Null hypothesis: H0: μ = 500
Alternative hypothesis: Ha: μ > 500
We will reject the null hypothesis at a p-value less than 0.05
```{r}
p <- pt(t_score, s_size-1, lower.tail = FALSE)
p
```
The p-value is 0.9914642. As p-value is less than the 0.05, we reject the null hypothesis. Therefore, the mean income of female employees is greater than $500.
## Question 5
## A
We assume that the sample is random and that the population has a normal distribution.

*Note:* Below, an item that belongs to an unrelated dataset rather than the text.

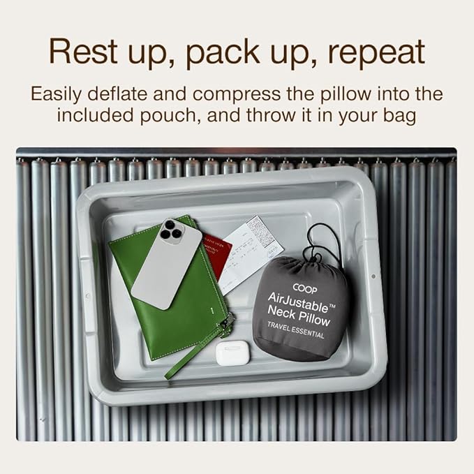• The Ultimate Customizable Travel Essential: Bring Coop’s signature adjustable comfort anywhere with the AirJustable Travel Neck Pillow. This airplane pillow features a unique inflatable design, offering personalized head, neck, and chin support that adapts to your sleep style. Featuring Coop’s memory foam Oomph fill and an adjustable cord, this travel pillow provides unmatched comfort in any position. Say goodbye to neck strain and restless naps, and enjoy deep, restful sleep on your travels!

Null hypothesis: H0: μ = 500
Alternative hypothesis: Ha: μ ≠ 500
We will reject the null hypothesis at a p-value less than 0.05
## Calculating t-statistic and p-value for Jones
```{r}
s_mean <- 519.5
μ <- 500
se <- 10
s_size <- 1000
jt <- (s_mean-μ)/se
jt
p <- 2*pt(jt, s_size-1, lower.tail = FALSE)
p
```
## Calculating t-statistic and p-value for Smith
```{r}
s_mean <- 519.7
μ <- 500
se <- 10
s_size <- 1000
jt <- (s_mean-μ)/se
jt
p <- 2*pt(jt, s_size-1, lower.tail = FALSE)
p
```
The test-statistic is 1.95, p-value is 0.05145555 for Jones and the test-statistic is 1.97, p-value is 0.05145555 for Smith.
## B
The p-value is 0.05145555 for Jones. As p-value is greater than the 0.05, we fail to reject the null hypothesis. The p-value is 0.04911426 for Jones. As p-value is less than the 0.05, we reject the null hypothesis. Therefore, the result is statistically significant for Smith, but not Jones.
## C
If we fail to report the P-value and simply state whether the P-value is less than/equal to or greater than the defined significance level of the test, one cannot determine the strength of the conclusion. In the Jones/Smith example, reporting the results only as *P ≤ 0.05* versus *P > 0.05* will lead to different conclusions about very similar results.
## Question 6
```{r}
gas_taxes <- c(51.27, 47.43, 38.89, 41.95, 28.61, 41.29, 52.19, 49.48, 35.02, 48.13, 39.28, 54.41, 41.66, 30.28, 18.49, 38.72, 33.41, 45.02)
t.test(gas_taxes, mu = 18.4, conf.level = .95)
```
The 95% confidence interval for the mean tax per gallon is 36.23386 through 45.49169. We cannot conclude with 95% confidence that the mean tax is less than 45 cents, since the 95% confidence interval contains values above 45 cents.